# Survival > Primitive Skills & Technology >  How to open a can with a spoon!

## Wildthang

It is weird that this guy can open a can with a spoon, but he doesn't know the difference between pears and peaches :Smartass:  At the end he says. voila peaches!

http://www.youtube.com/watch?v=6lCQDUDRxJQ

----------


## hunter63

Very cool.......thanks for posting.....another tool in the box.

----------


## Rick

Yeah, gotta go with cool. Always something to learn around this place.

----------


## Batch

I just opened a can of corn with a spoon. I was surprised at how quickly the spoon went through the lid. But, I lack the technique for getting the spoon to cut nice all the way around the lid. I'll have to try again.

----------


## 1stimestar

> It is weird that this guy can open a can with a spoon, but he doesn't know the difference between pears and peaches At the end he says. voila peaches!
> 
> http://www.youtube.com/watch?v=6lCQDUDRxJQ


That really did crack me up.  He was so proud...

----------


## flatlander88

I had to try it! Works well :Smile:

----------


## hunter63

I tried it as well, but the pull tab got in the way......LOL.

I do have to ask though, who would go out, with a can of food,..... no opener, no knife.....but carry a big spoon?

----------


## Rick

Why do you ask questions like that? Just to make me feel bad?

----------


## Batch

> I tried it as well, but the pull tab got in the way......LOL.
> 
> I do have to ask though, who would go out, with a can of food,..... no opener, no knife.....but carry a big spoon?



You would be surprised at the number of times I am asked in camp if I brought a can opener. I usually use the one on my leatherman and before that I carried a P-38 in my wallet. 

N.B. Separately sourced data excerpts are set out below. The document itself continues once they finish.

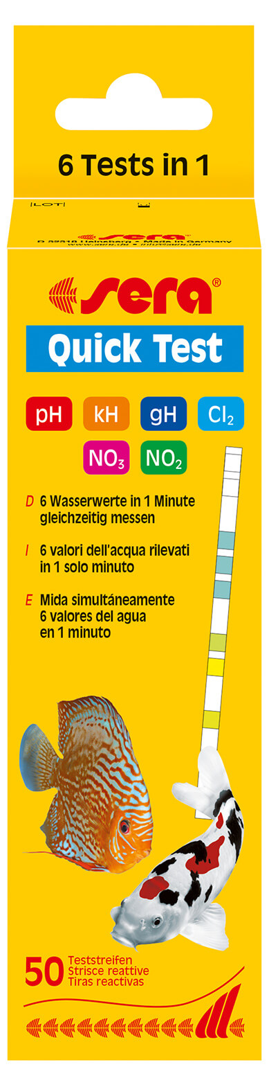 Vattenprov för samtidig mätning av pH-, GH-, KH-, NO2- och NO3-värden på under en minut. Innehåller 50 teststickor. Teststicka. Stickan innehåller följande tester: pH – surhetsgrad GH – total hårdhet KH – karbonathårdhet NO2 – nitrit NO3 – nitrat CL2 – klor
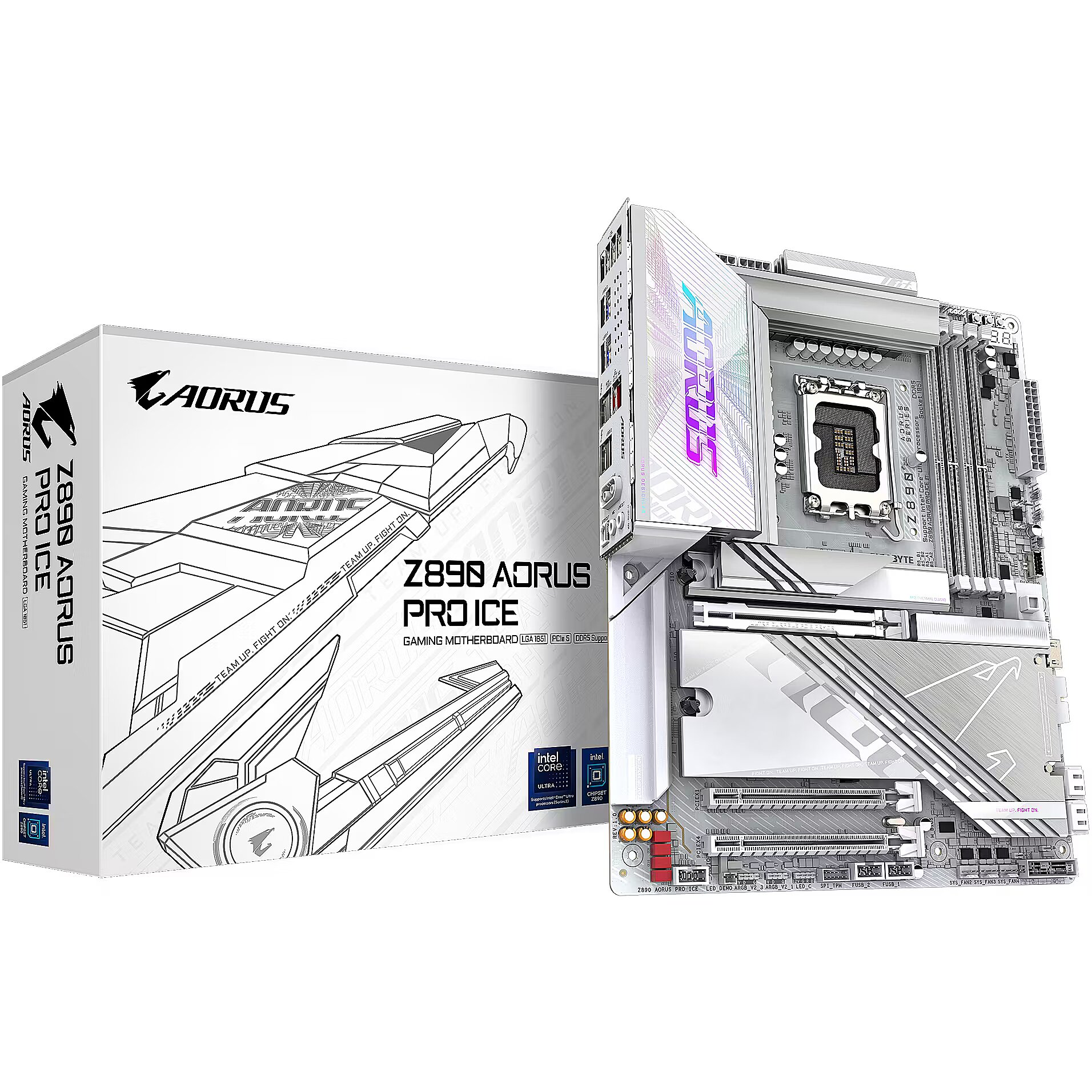 ProductName - Z890 AORUS PRO ICE Motherboard - Supports Intel Core Ultra (Series 2) CPUs, 16+1+2 phases VRM, up to 9500MHz DDR5 (OC), 1xPCIe 5.0 + 4xPCIe 4.0, Wi-Fi 7, 5GbE LAN, Thunderbolt 4
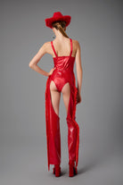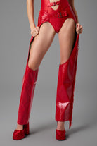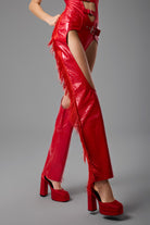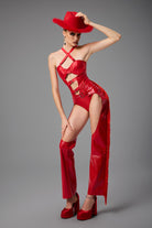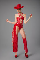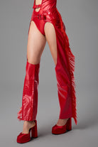 The Dax Cutout Fringe Pants capture bold energy and fluid movement. Designed with strategic cutouts and cascading fringe, they create a rhythmic flow that amplifies every step. The vivid red hue adds passion and intensity, while the sculpted fit enhances the body’s natural lines. Perfect for stage wear, performance styling, or statement fashion, these pants blend fire and freedom in motion.
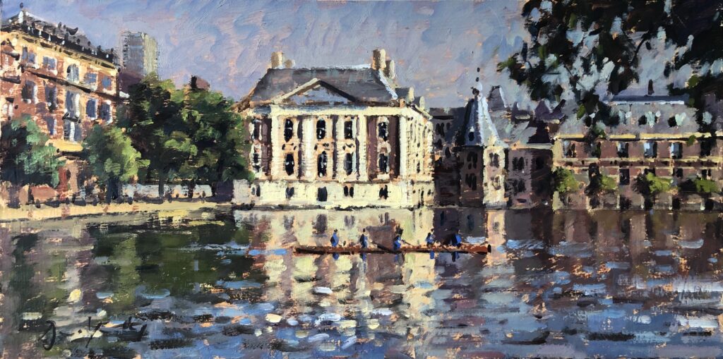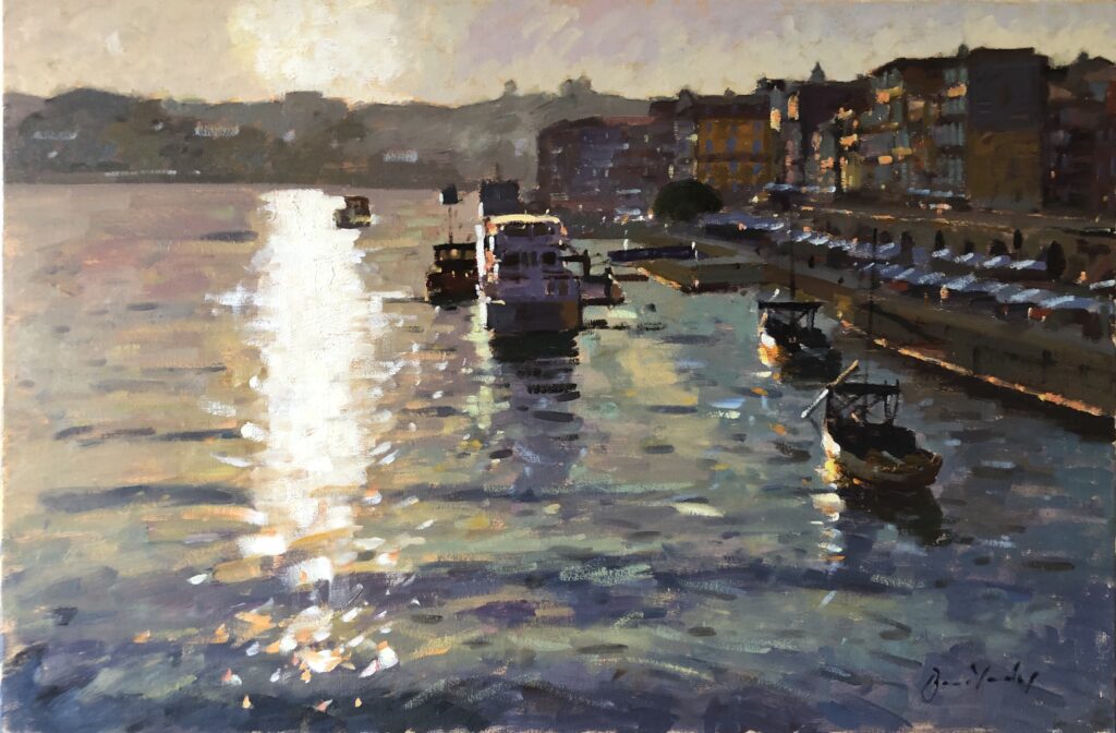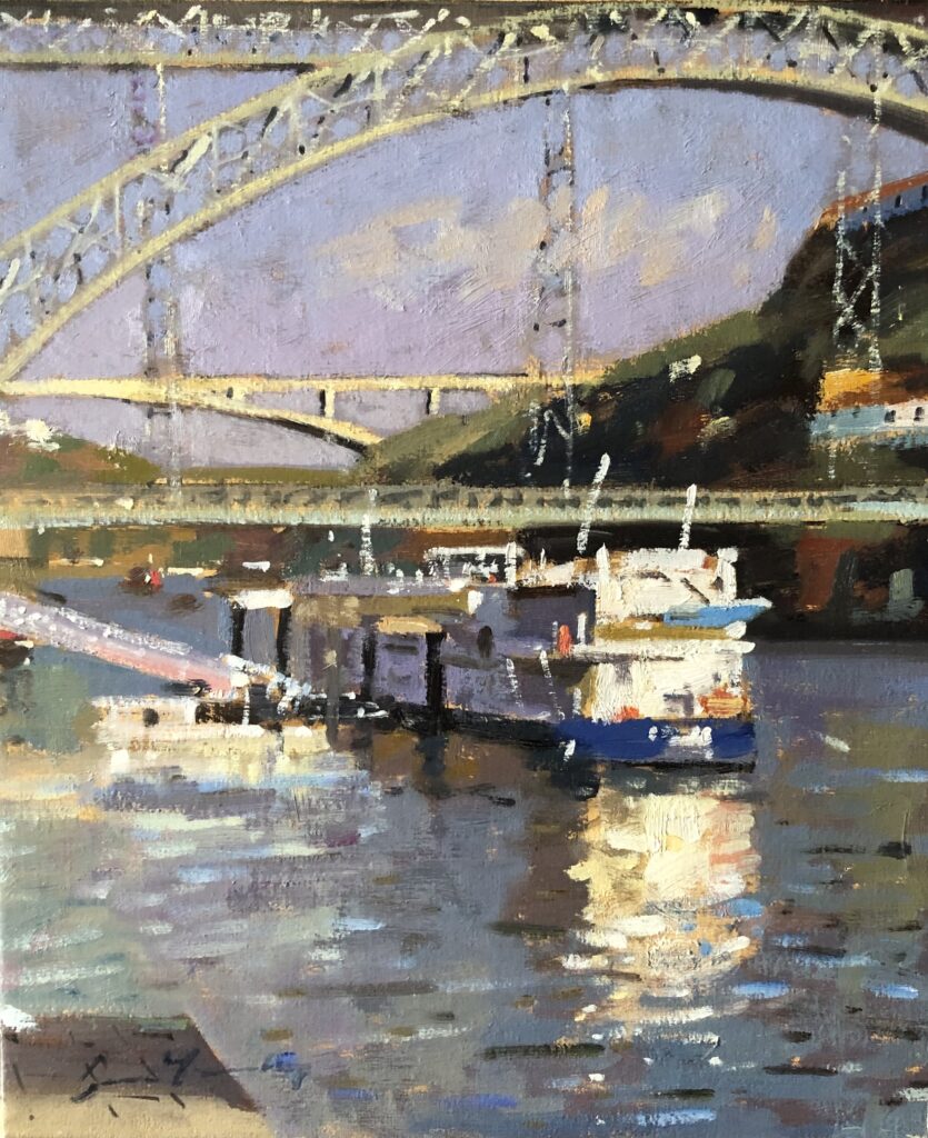 Silver Light, Oporto, 51 x 76cm, Oil on CanvasOporto: View from the Bishop’s Palace, 51 x 76cm, Oil on CanvasBoat Trips on the Douro, 30 x 76cm, Oil on CanvasEvening Sun, Oporto, 41 x 30cm, Oil on CanvasPonts Couverts, Strasbourg, 20 x 51cm, Oil on BoardMauritshuis and Coxed Four, The Hague, 20 x 41cm, Oil on BoardWinter Sun, Cambridge, 20 x 40cm, Oil on BoardDouro Mooring, Oporto, 30 x 25cm, Oil on CanvasPalladian Bridge, Stowe II, 25 x 30cm, Oil on BoardTemple of Ancient Virtue, Stowe, 25 x 20cm, Oil on BoardWaterfront, Newcastle, 15 x 30cm, Oil on BoardBoats and Buoys, Dartmouth, 10 x 25cm, Oil on Board
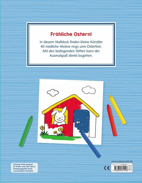 In diesem Malblock finden kleine Künstler 40 niedliche Osterbilder und 4 farbenfrohe Wachsmalstifte, damit der Ausmalspaß direkt losgehen kann!
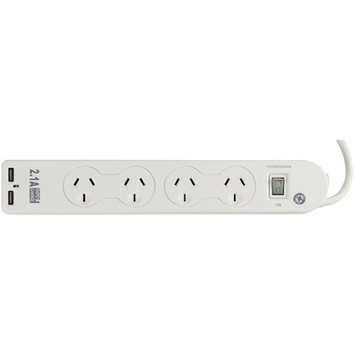 Italplast 4 Outlet Powerboard Master Switch Surge Overload Protection And 2 USB
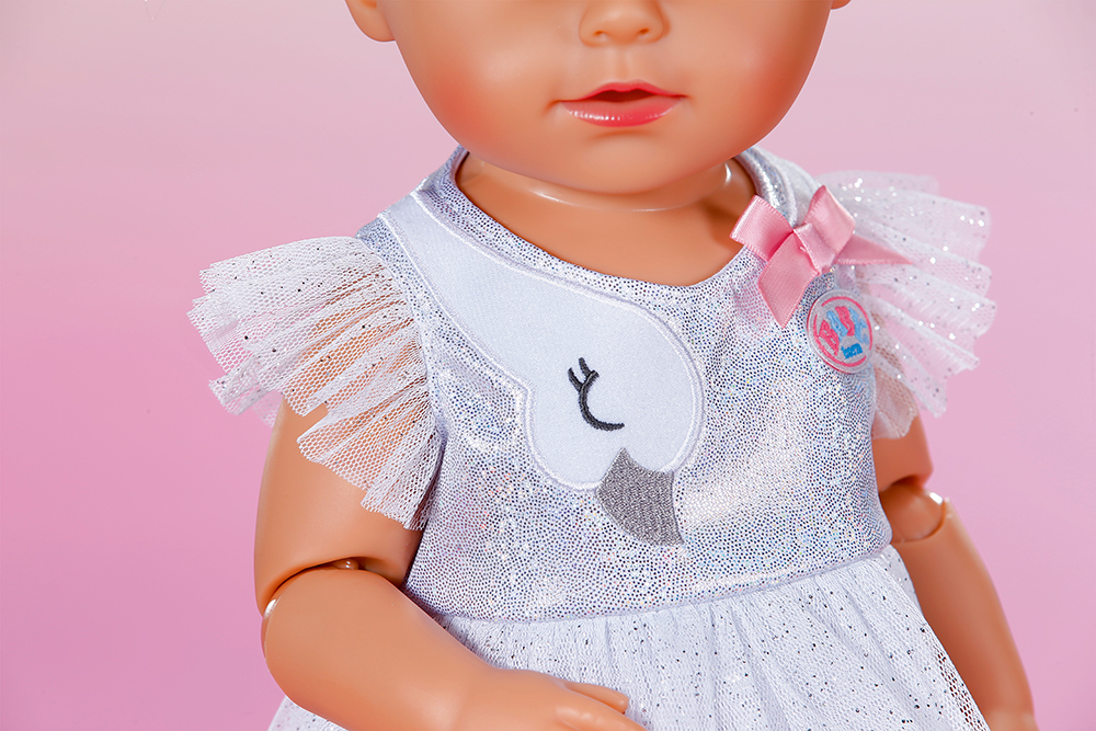 ZapfLever de rideau pour BABY born dans sa tenue de ballerine! Une robe élégante et scintillante d'un blanc sobre, brodée de cygnes, avec un petit nœud et une jupe tutu qui se balance, est une tenue de scène plus qu'adéquate - avec des chaussons de ballet argentés et un serre-tête, la tenue est littéralement couronnée. Toi, Toi, Toi!

You would be surprised how many times I used that P-38 to open a can on the job site when there was nothing close to get a meal from. Just set the can on the metal bed of the crane truck and let her heat up while you worked.

----------


## hunter63

> You would be surprised at the number of times I am asked in camp if I brought a can opener. I usually use the one on my leatherman and before that I carried a P-38 in my wallet. 
> 
> You would be surprised how many times I used that P-38 to open a can on the job site when there was nothing close to get a meal from. Just set the can on the metal bed of the crane truck and let her heat up while you worked.


I hear ya....you would be surprised how many times I used a SAK, as well as the P38 on key ring to open cans as well............
But.........I don't normally carry spoons...sproks maybe, but spoons, ????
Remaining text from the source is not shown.